Thanks. I think the Xerxes folks were dealing with hypotheticals, they didn’t really have any evidence, at least not on that point.
I love that there are so many people out there who would care enough to have this debate.
That is an encouraging thought.
I took a look at your website – very nice! I left a comment but it may have gone to your spam folder.
The best use of rearing Monarchs at home is as a teaching tool, but I agree with Chip Taylor that’s it’s a bit of a distraction. Great post, Jason and lovely photos. I’m eagerly awaiting Monarchs through my garden as they head to Mexico.
Every time I see a Monarch these days I’m surprised. I want to ask it if it isn’t behind schedule on its trip south.
Lovely post. There’s a lifelong positive effect on kids if they rear ANY caterpillar into moths or butterflies, in my opinion. I can still remember the sheer magic of having Luna moths in the classroom when I was about 6 years old. And they laid eggs on my pencil as well!

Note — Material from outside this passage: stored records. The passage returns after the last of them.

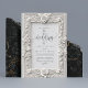 Eleganter, moderner und zarter verzierter Rahmen mit aufwändigen Blumenmustern, vor allem Rose, durchschnitten. Der Rahmen ist einfarbig und verleiht ihm ein klassisches, elegantes Aussehen. Es hat eine dreidimensionale Qualität, Einladung Hochzeit, dass Sie mit Ihren Informationen anpassen können, um es zusätzlich zu besonderen machen. Das romantische minimalistische Design besticht durch eine hübsche und elegante Kalligraphie auf einem schönen Hintergrund mit einem sauberen und schlichten Look.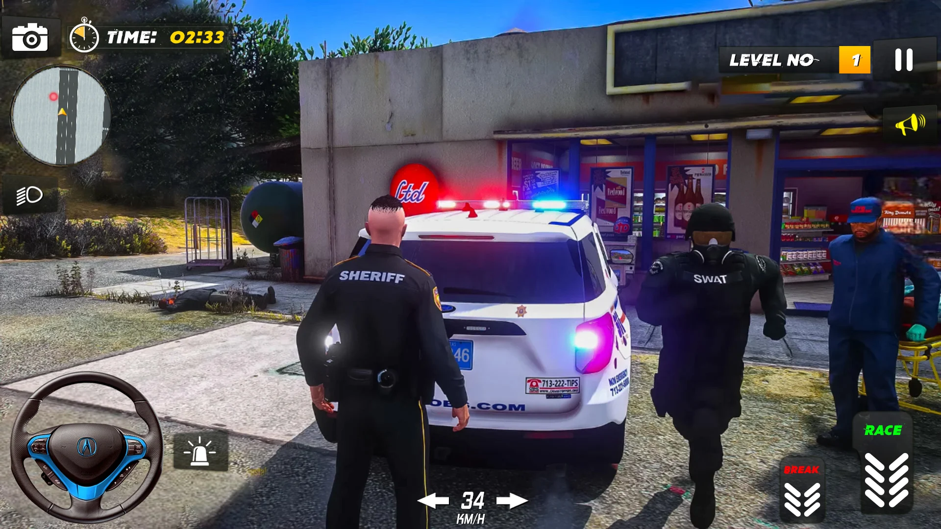 In police chase 2023 cop games, complete special missions in the police car simulator 3D. Drive police car simulator and cop driving game 2023. Enjoy an amazing police car game with police car parking mode in Free Cop Chase. Live the life of a policeman in US Police Simulator Cop Games in Police Cop Chase Car Game 2023. Take on the role of a police car driver and save the town from criminals in US Police Game Cop Chase 2019 and police wali game. Customize your police car in the garrage within the police car pursuit game in the Police Car Simulator 3D Games driver.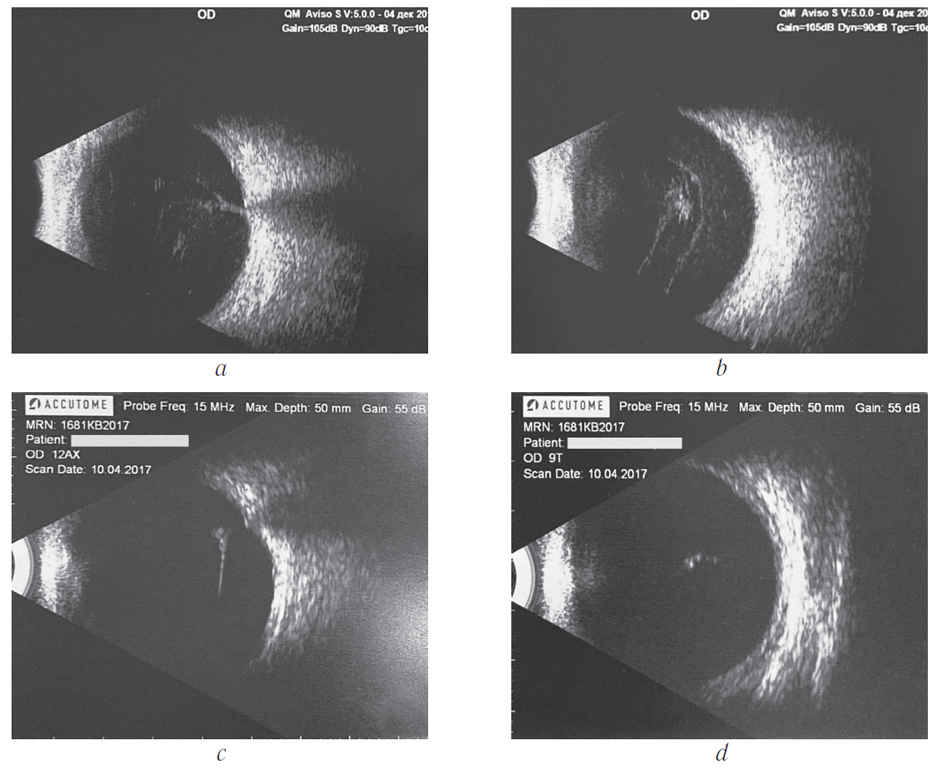 Patient I., female, 55 years old, presented with a sudden loss of vision of her right eye in December 2016. The patient had a history of insulin-dependent type 2 diabetes mellitus. Visual acuity upon presentation was 0.02, no correction possible. B-scan ultrasound examination (a, b) showed severe vitreous hemorrhage. In 1 month after the third monthly intravitreal ranibizumab injection, a complete resolution of vitreous hemorrhage was found (c, d), accompanied by an improvement of visual acuity up to 0.3, no correction possible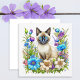 Ai Watercolor Siamese Cat in Flowers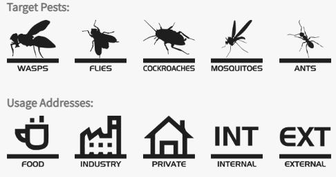 Characteristics: Emulsifiable concentrate insecticide containing Permethrin and Pyrethrum extract synergized with Piperonyl butoxide that confers it a killing effect and a long lasting action. The product consists of a liquid formulation with non-dangerous solvent and vegetable derived co-formulants.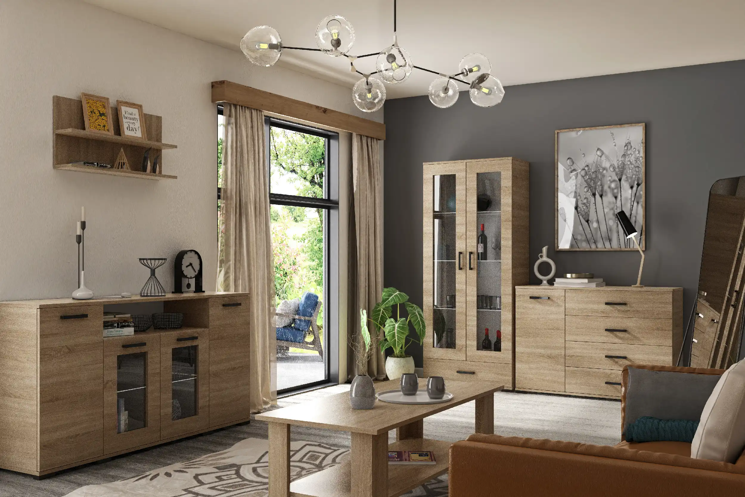 Komoda przeszklona pomaga uporządkować przestrzeń bez wrażenia ciężkiej zabudowy. Wnętrze daje miejsce zarówno na rzeczy codzienne, jak i na dekoracje, szkło czy porcelanę. Opcjonalne oświetlenie LED może dodatkowo podkreślić zawartość części witrynowej i nadać meblowi bardziej dekoracyjny charakter. Jasny dekor drewna i czarne detale tworzą razem nowoczesne, ale nadal bardzo uniwersalne połączenie.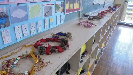 見てほしいな、1年生の朝顔リースと図工の工作。
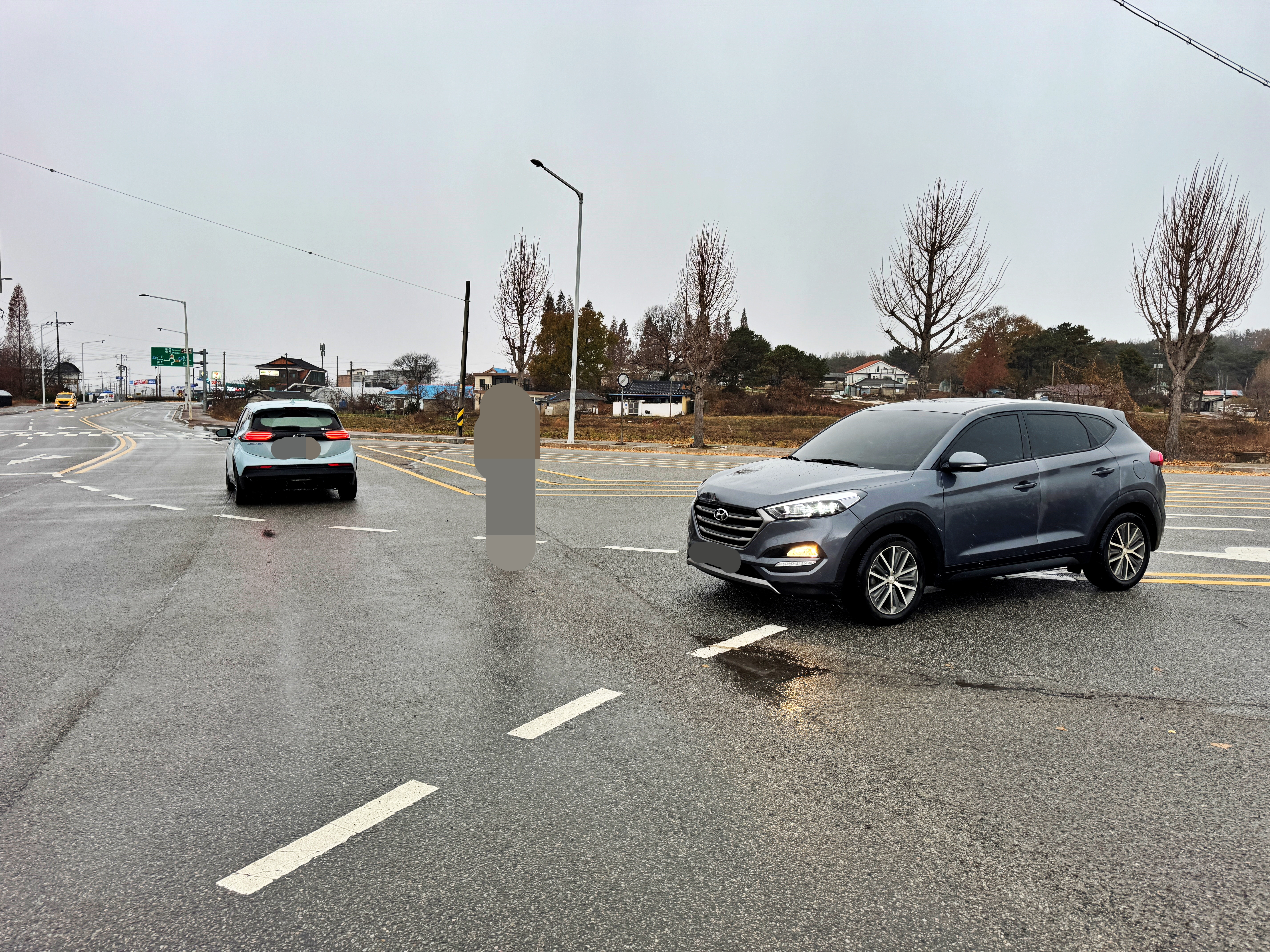 제각기 좌회전을 기다리는 차들이 서있는 모습을 확인하고 직진했는데, 상대 차량이 갑자기 움직이네요. 갑자기 투싼이 움직이는 모습을 보고 경적을 누르며 속도를 줄였지만 경적과 함께 충돌하고 말았습니다.

Oh no, I suppose you could never use that pencil again.
I think your assessment is right, the more people who think about providing plants for the caterpillars as well as nectar flowers the better and that comes from feeling responsible; there’s nothing like watching something hatching to give you that feeling.
It creates an emotional connection that is more powerful than an intellectual understanding.
I raised a half-dozen or so, and found it very educational (and I’m 65+ years old!) Now I know what the eggs look like and how to find them, the stages of larva development, what the chrysalis looks like when the butterfly is about to emerge and what it looks like after, and how sticky butterfly feet feel on my finger. And it was fun!
It certainly is fun, and educational!
I agree, but it is going to take more than planting milkweed. ALL of our butterfly species are in decline. I suspect it has a lot to do with the chemical sprays and GM corn wafting its Bt pollen about, because even in preserves where once there were many insects of all varieties, now there are very few. The more enthusiasts, and the more informed they are, the better.
It’s a grim situation, but nothing is gained by giving up.
Oh I’m not giving up. I just want people to understand this involves more than just monarchs, and the solution will take more than only planting milkweeds. I guess I worry because the situation is being presented so simplistically.
Not sure how much complexity most people are able to absorb. Depends on the audience, I guess.
Well, you’re probably right about that and every little bit helps. I hope that people also hear that chemicals are killing our insects, so they’ll stop and think a little before happily spraying away.